There's no hidden linear structure beyond trivial linear (constant) columns. However, the zeros are coming from a hyperplane, namely, a trivial one - a point. So, if you were to add all 47 zeros, then eigen analysis would have shown that 47 variables are coming from the trivial hyperplane, a point; and that the first three do not.

Now, instead of using x,y,x, let's use the squares of them. Here's what you get in eigen analysis: only two explained variances are large, the third one is basically a rounding error. So, PCA picks up immediately that $x^2,y^2,z^2$ are coming from two dimensional hyperplane.

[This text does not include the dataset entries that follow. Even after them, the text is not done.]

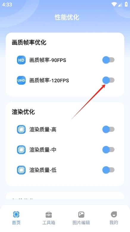 4、【画质帧率】低配手机一键就能开启120帧率!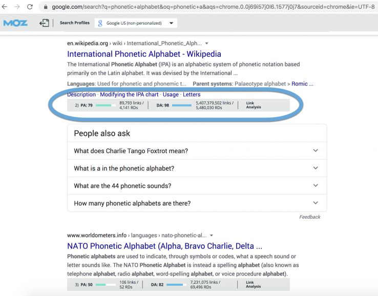 4. Scan ranking URLs’ Domain Authority with MozBar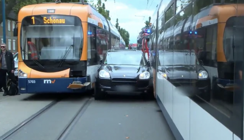 2. "Порше" пытался обогнать трамвай, но застрял между двумя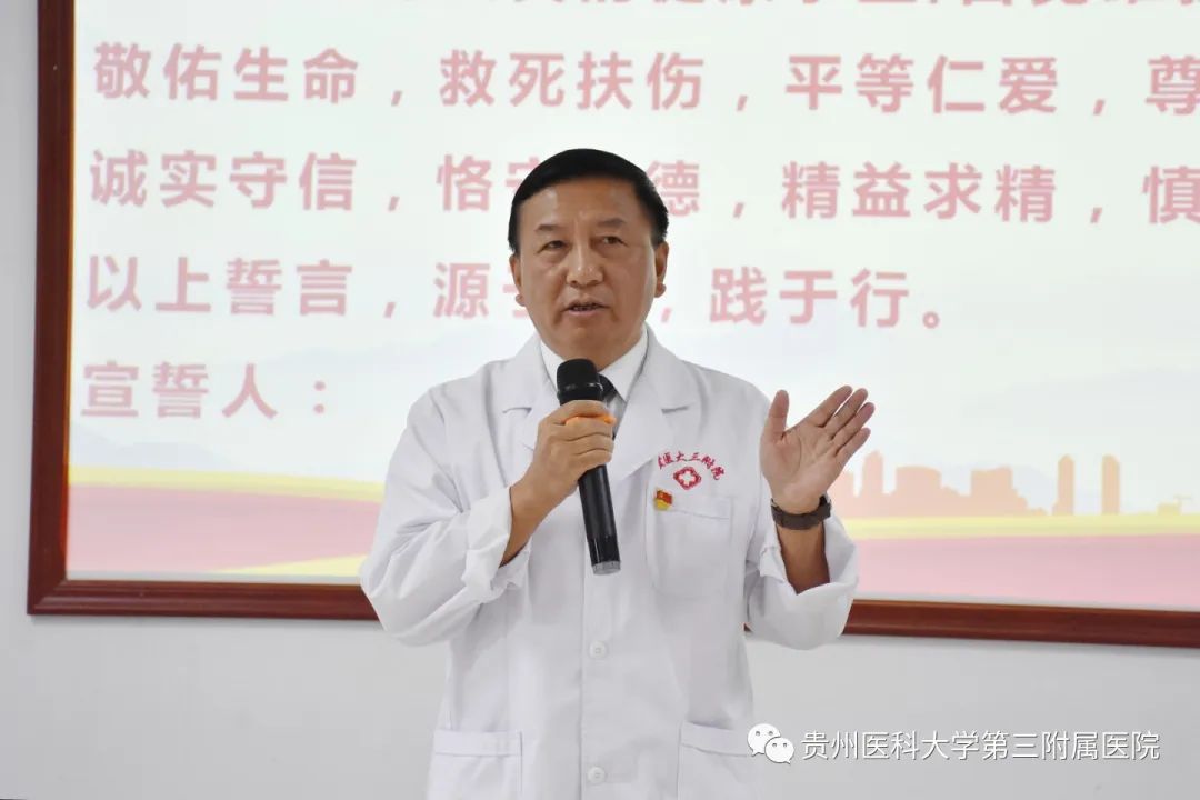 党委副书记、院长刘兴贵带领医师宣誓,希望大家加强学习、刻苦钻研,更好地为群众的健康护航。
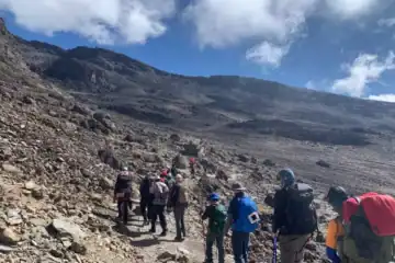 The journey would take about 5 hours, and climbers get to experience the alpine desert landscape of Mount Kilimanjaro.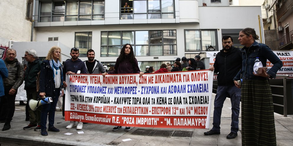Τα γραφεία βρίσκονται στην οδό Χίου στο Μεταξουργείο, κατά τη διάρκεια συγκέντρωσης διαμαρτυρίας για τις συνενώσεις τμημάτων στα σχολεία της περιοχής.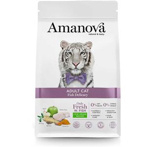 Amanova Cibo Secco Super Premium per Gatti Adulti al Pesce Bianco - 100% Naturale, Ipoallergenico, Monoproteico, Low Grain - 1,5 kg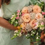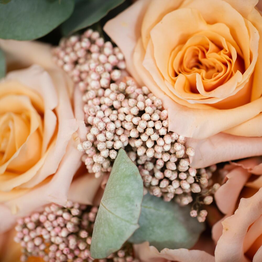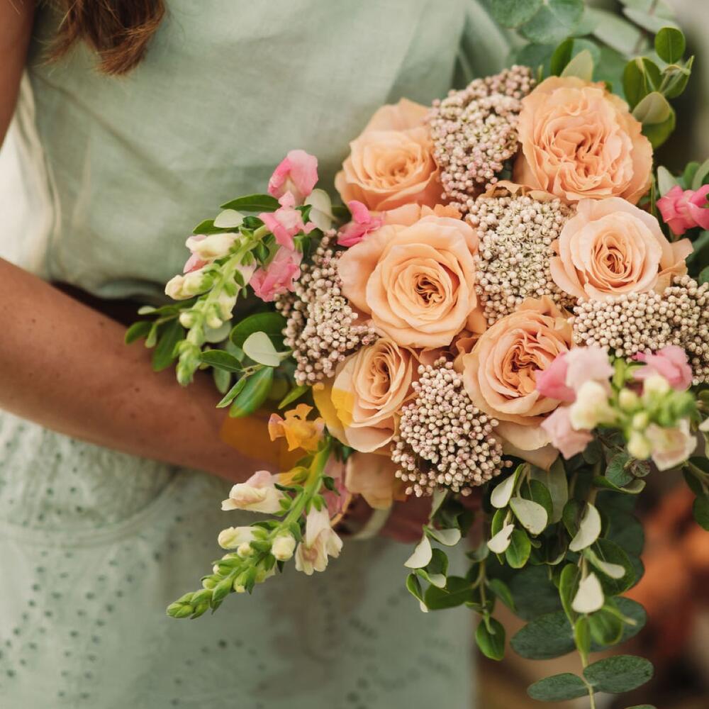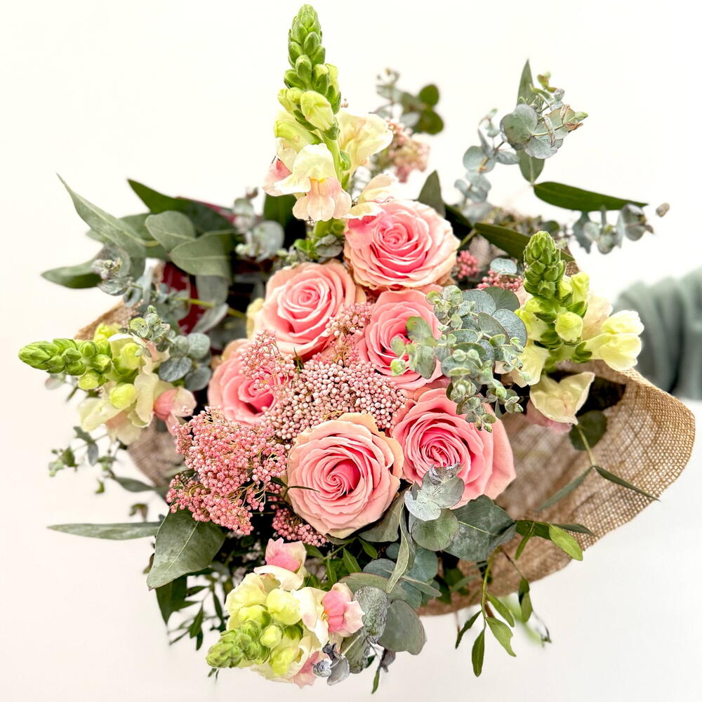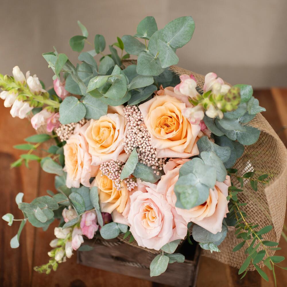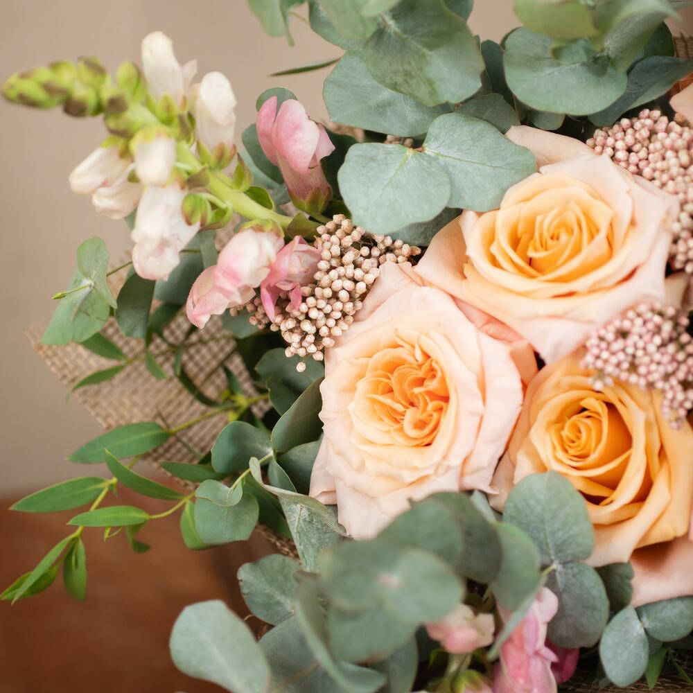 rosa - 6 ud. alhelíes - 3 ud. flor de relleno (eucalipto y flor de arroz) - 12 ud. envoltorio yute - 1 ud. etiqueta marcada a láser con mensaje personalizado - 1 ud.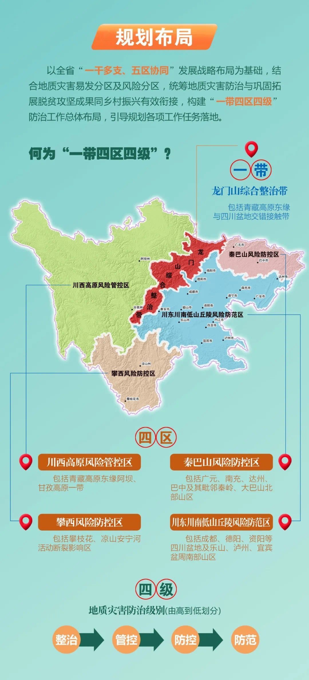 “四区”包括川西高原风险管控区、秦巴山风险防控区、攀西风险防控区、川东川南低山丘陵风险防范区。《规划》根据各个区域的特点,分门别类制定了防灾措施。省自然资源厅相关负责人举例,川西高原风险管控区生态环境脆弱,就要推进高寒山地、植被繁密区防治新技术应用及科技攻关,主要任务是开展地质灾害风险管控;川东川南低山丘陵风险防范区是成渝地区双城经济圈建设“一干多支”核心发展地带,多为中、低地质灾害风险区,防治主要任务是提升科技防灾能力,以避险搬迁为主开展地质灾害综合整治。

enter image description here

Aksakal
  • 61,310
  • Thanks! If I understood correctly, PCA helps us to find the best linear approximation to the data, by minimizing the projection distance to a certain ($d$ -dim, $d < D$ given) hyperplane or equivalently maximizing the variance. So, to determine if the data is "linear enough" or not, are you talking about computing the minimum of sum of squares of projection distances for varying $d$-dimensional hyperplanes $H$, and then take the minimum $min$ of them as an indicator of linearity? So if $min$ is small enough, then data is linear, otherwise no? Is there test of hypothesis for this? – Mathmath May 20 '20 at 15:17
  • (contd.) Extending on the previous paragraph, let's first compute for a given $d < D, min(d):=$ minimum sum of squared projection distances to $H.$ Now we've the first step; if $min(d)$ is small, then infer the data is almost linear, otherwise no; but then can we design a suitable statistic following certain distribution and test its value against a threshold to accept or reject the null hypothesis $H_0:$ the data is linear. Or in other word, can we accept or reject that the data is linear with a certain confidence? – Mathmath May 20 '20 at 15:22
  • (contd.) I saw your edits only after I write my comments, although they still stand. I'm not interested in linear or nonlinear transformations. All I want to check is if the data is linear or not. It can be a quick rigorius test like: devise a test statistic, that'd take bigger/smaller values if the data is more linear and vice versa, find the distribution of that test statistic, and then accept/reject the null hypothesis: the data is linear. – Mathmath May 20 '20 at 15:47
  • I;m saying that PCA is the test. Once you get the explained variances from PCA, examing them helps you identify what is $d$, and whether it's $d<D$ – Aksakal May 20 '20 at 16:48
  • @Akaskal: sorry, please see the edit of the question. I'm not concerned with $d$ in this question, so $d$ may be known or not. Assume that we know $d,$ my question is: I need a test to check if the data was sampled from a linear subspace of dimension $d?$ From your comment, it seems like you understood my question as to find what's $d$. Sorry but that's not the question. Speaking about explained variances, how do you use them to determine if the data was linear or not? If it's too much to wrote, just direct me to the appropriate references - i'll take it from there, thanks again. – Mathmath May 20 '20 at 17:00
  • 1
    @Mathmath answer is the same: PCA. The only reason I bring up $d<D$ is because that's the test you're looking for. Your question boils down to analyzing the eigen problem of wither covariance or correlation matrix of your data set. No matter what you do, you'll end up needing to look at eigen problem. That's in the core of geometric interpretation of your variables and their linear relations. PCA happens to be the most user-friendly way of doing this. – Aksakal May 20 '20 at 17:03
  • I went through your answer briefly and thanks for writing this! few points aren't clear: "Now, instead of using x,y,z, let's use the squares of them." Here I've told you that the data is coming from ${x^2 + y^2 + z^2 = 1}$, but if it were a just any nonlinear data (say of the form $(x=f(u,v), y=g(u,v), z=h(u,v))$, how'd you approach from here?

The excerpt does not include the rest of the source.